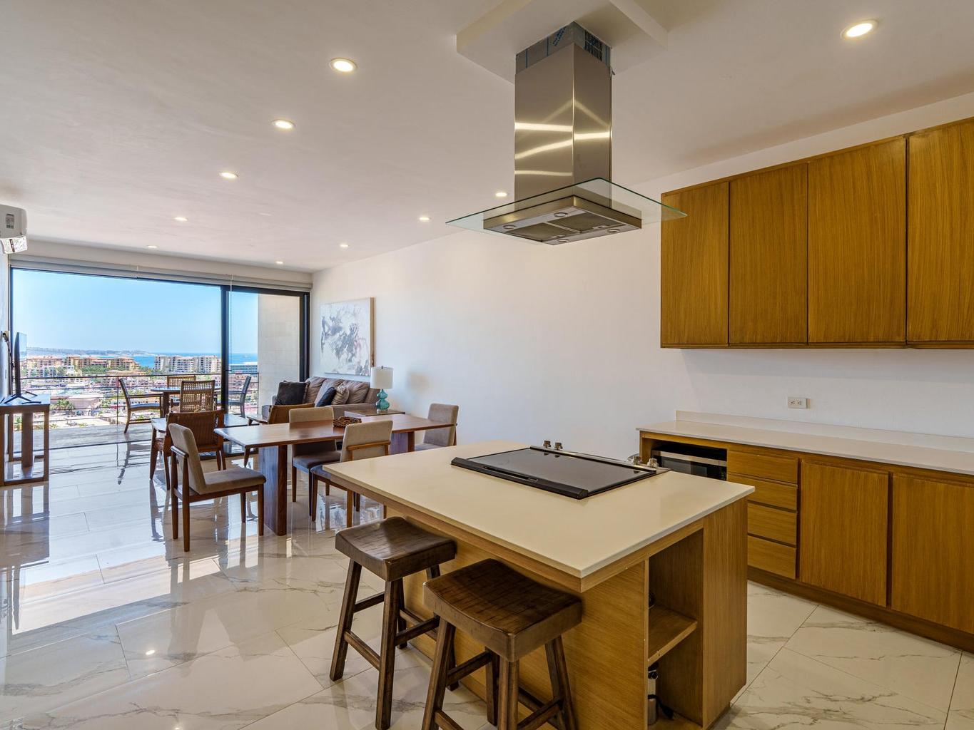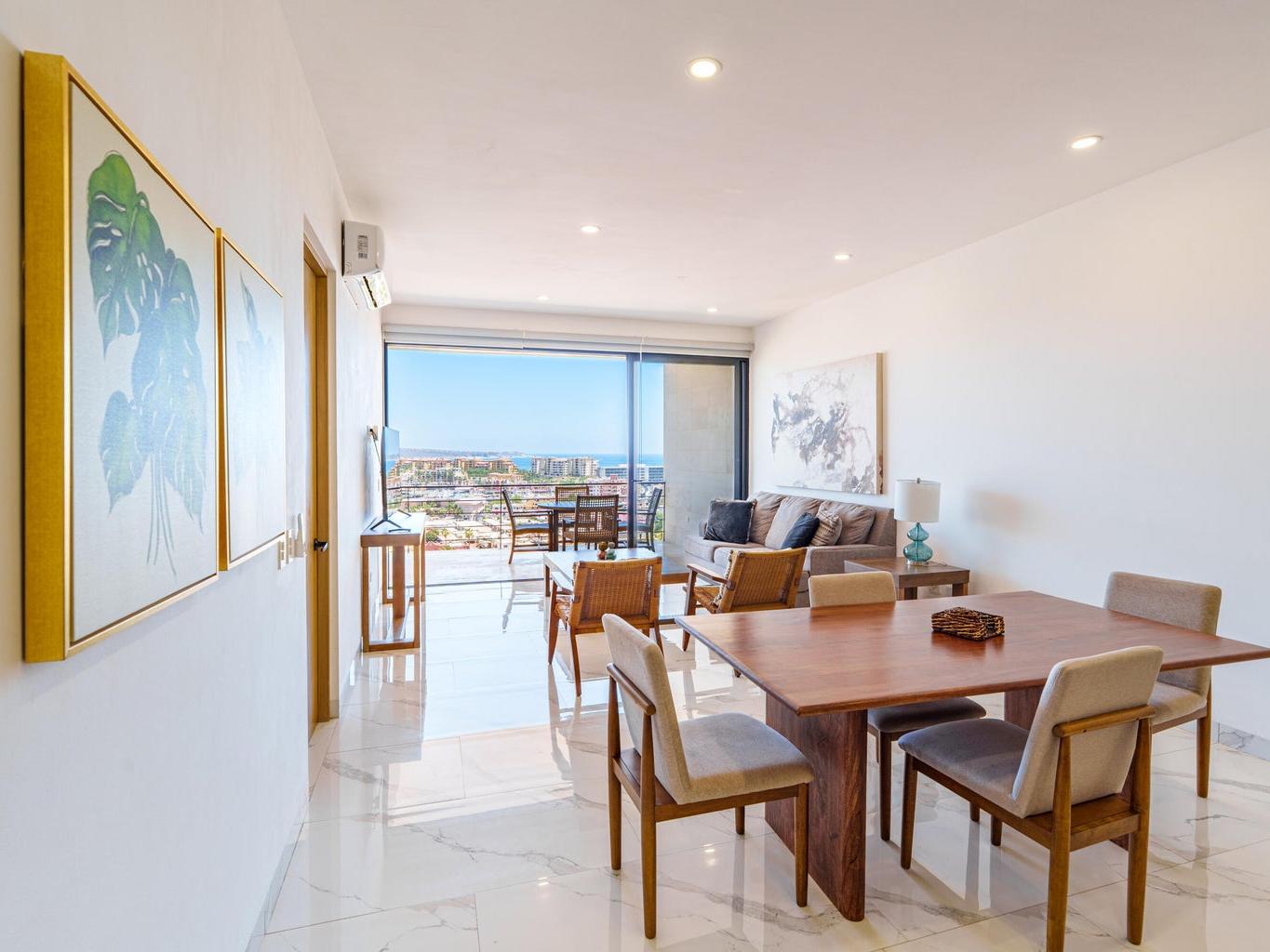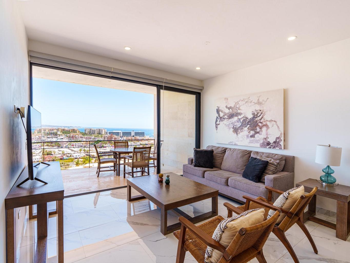 Located within the exclusive Montemar Residences in Pedregal, Cabo San Lucas, this beautifully appointed third-floor condominium offers the perfect blend of elevated views, modern design, and unmatched walkability. Featuring 2 bedrooms and 2 bathrooms, the residence showcases contemporary finishes, an open-concept layout, a fully equipped kitchen, and a spacious terrace with panoramic views of Cabo San Lucas Bay, the marina, and city lights. Just steps from downtown Cabo, the marina, world-class dining, and nightlife, this home offers the rare combination of ocean-view living with true convenience. Montemar features elevator access, rooftop pool, jacuzzi, gym, lounge areas, and 24/7 security, making it ideal as a full-time residence, vacation home, or investment property.
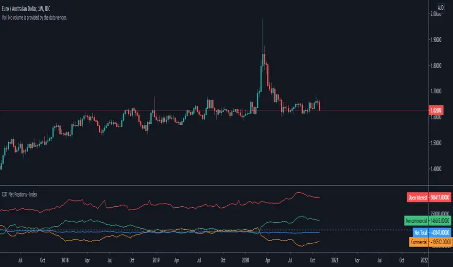 By default the total open interest and net total of all the positions are showing as well, however, these can be turned off in the indicator settings along with the noncommercial and commercial positions.
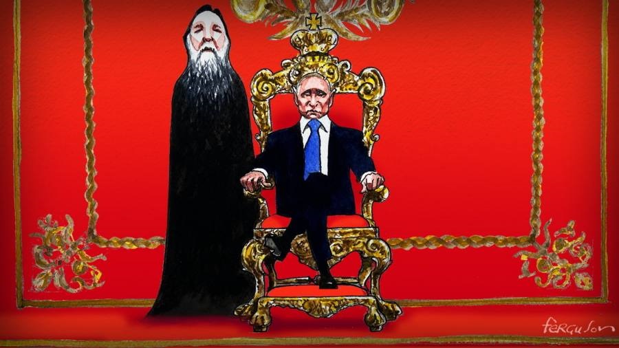b. Fără Ucraina, Rusia nu este un Imperiu, iar Putin se visează imperial“Dispariţia URSS este cea mai mare catastrofă geopolitică a secolului trecut” spunea Putin, nostalgic, în urmă cu mai puțin de trei ani. În manualele școlare rusești istoria este adaptată ambițiilor lui Putin: elevii învață despre Stalin că ar fi fost „cel mai glorios lider sovietic”, despre gulag, că a fost necesar întăririi Rusiei, despre Marea Foamete din 1937, care a făcut 1,5 milioane de victime, că e un soi de floare la ureche în comparație cu războaiele și rasismul americanilor. Biserica Ortodoxă Rusă tipărește azi calendare care îl glorifică pe Stalin; “să fii american este o crimă” spunea în urmă cu câțiva ani Alexandr Dughin, arhitectul și părintele spiritual al Eurasiei lui Putin. Persecuțiile sălbatice la care a fost supusă, în perioada stalinistă, Biserica Ortodoxă Rusă și credincioșii ruși sunt justificate de același Alexandr Dughin ca fiind o etapă necesară, obligatorie, de “purificare” a ortodoxiei de elementele “îmbibate de spiritul occidental”.
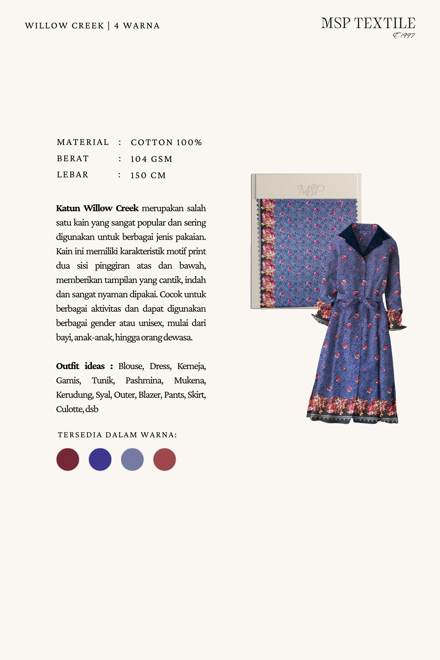 Kain Katun Willow Creek Print Dua Sisi Baju Tidur Gamis Tunik Dress Kemeja Celana Rok Blazer Outer
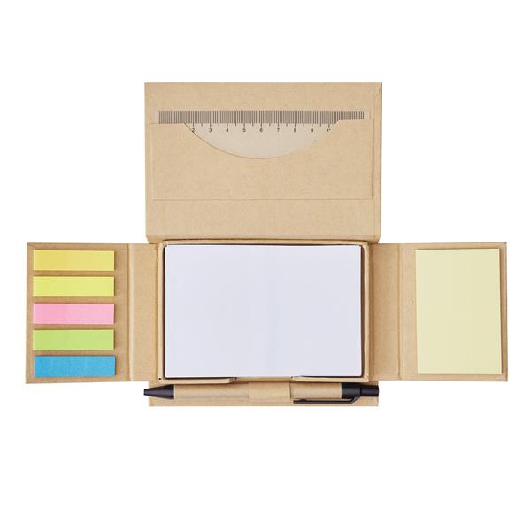 Pudełko na notatki POP UP, rozkładane, zawiera wykonany z mocnego papieru długopis (czarny tusz), linijkę (12 cm), 100 białych karteczek, różnokolorowe karteczki samoprzylepne – wykonane z materiałów nadających się do przetworzenia. Materiał: Papier Kolor: naturalny Tagi: Zeszyty,akcesoria biurowe,karteczki samoprzylepne,karteczki samoprzylepne
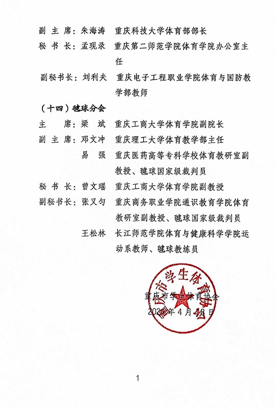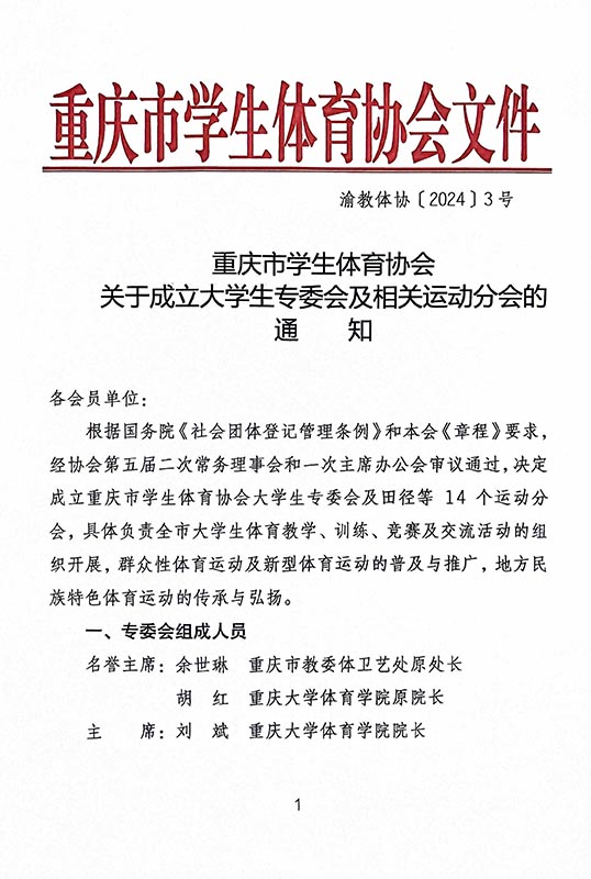 重庆市学生体育协会关于成立大学生专委会及相关运动分会的通知
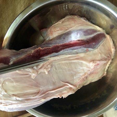 步骤2、把牛腱子表面的那一层皮竖向轻轻剪开,一条牛腱子,剪开三条缝就可以了。
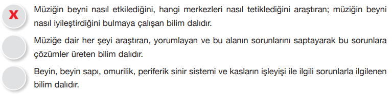 a) Metinde geçen “nöromüzikoloji” ifadesinin anlamını tahmin ederek işaretleyiniz.
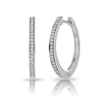 Capture her heart with the delicate allure of these diamond hoop earrings, embraced in the enchanting glow of 10K white gold. Each curve of these hoops whispers of a love story, woven with the timeless elegance of devotion. Adorned with a mesmerizing array of diamonds totaling 0.20 carats, these earrings radiate a gentle sparkle, mirroring the depth of your affection. Set in the captivating hues of IJ color and boasting the clarity of I2, each diamond embodies the purity of your bond, illuminating her beauty with every glance. As she adorns herself with these exquisite hoops, let them serve as a cherished symbol of your unwavering commitment, a promise of forever sealed in the brilliance of the diamonds. Gift her not just jewelry, but a token of your eternal love, destined to shimmer with every step of your journey together.

┄┄┄┄┄┄┄┄┄┄

### TRY IT
Pictures do not belong in the answer. Return the lines above starting at the one with "Pudełko na notatki" and ending at the one with "a) Metinde geçen", both kept, exactly.

### COMPLETED TASK
 Pudełko na notatki POP UP, rozkładane, zawiera wykonany z mocnego papieru długopis (czarny tusz), linijkę (12 cm), 100 białych karteczek, różnokolorowe karteczki samoprzylepne – wykonane z materiałów nadających się do przetworzenia. Materiał: Papier Kolor: naturalny Tagi: Zeszyty,akcesoria biurowe,karteczki samoprzylepne,karteczki samoprzylepne
 重庆市学生体育协会关于成立大学生专委会及相关运动分会的通知
 步骤2、把牛腱子表面的那一层皮竖向轻轻剪开,一条牛腱子,剪开三条缝就可以了。
 a) Metinde geçen “nöromüzikoloji” ifadesinin anlamını tahmin ederek işaretleyiniz.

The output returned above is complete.